Los microscopios electrónicos están alcanzado la resolución para ver átomos y nos ofrecen imágenes así de impresionantes

Empiezan a rivalizar con la cristalografía de rayos-X, porque los microscopios electrónicos están alcanzado la resolución necesaria para ver átomos.

Concretamente, ya se mueven en dimensiones de 1,2 angstrom (Å), unidad de medida equivalente a la diezmilmillonésima parte del metro: 0,000 000 000 1 metros. En un centímetro caben 100 millones de ángstroms. Es decir 120 picómetros (pm), el doble de un átomo de oxígeno (50 picómetros).
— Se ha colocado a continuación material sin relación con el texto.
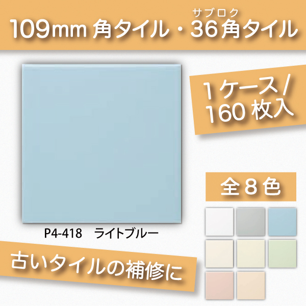 KYタイル / 36角 ブライト36 ライトブルー みずいろ 水色 108角 110角 補修向け P4-418 109角 内装用壁タイル(ケース)

Los diámetros atómicos están comprendidos entre 50 pm a 600 pm.

Crio-microscopía electrónica

Si quieres mapear las partes más pequeñas de una proteína, solo tienes unas pocas opciones: puedes convencer a millones de moléculas de proteínas individuales para que se alineen en cristales y analizarlas mediante cristalografía de rayos X. O puedes congelar instantáneamente copias de la proteína y bombardearlas con electrones, un método de menor resolución llamado microscopía crioelectrónica (crio-EM).

Ahora, por primera vez, los científicos han agudizado la resolución de la crio-EM al nivel atómico, lo que les permite señalar las posiciones de átomos individuales en una variedad de proteínas con una resolución que rivaliza con la cristalografía de rayos X.

En un nuevo estudio de Nature se usa una nueva fuente de electrones, un filtro de energía y una cámara para obtener una reconstrucción crio-EM con resolución de 1,7 Å para una proteína.

Aquí, por ejemplo, podemos ver como el mismo grupo de investigadores aplicando la técnica a viriones intactos para mostrar con gran resolución la estructura de la proteína S del SARS-CoV-2:

Aquí la estructura del ribosoma 70s de E. coli resuelta con la misma técnica y con resolución de 2 Å:

Las imágenes de todos los conjuntos de datos se han depositado en el Archivo Público de Imágenes de Microscopía Electrónica.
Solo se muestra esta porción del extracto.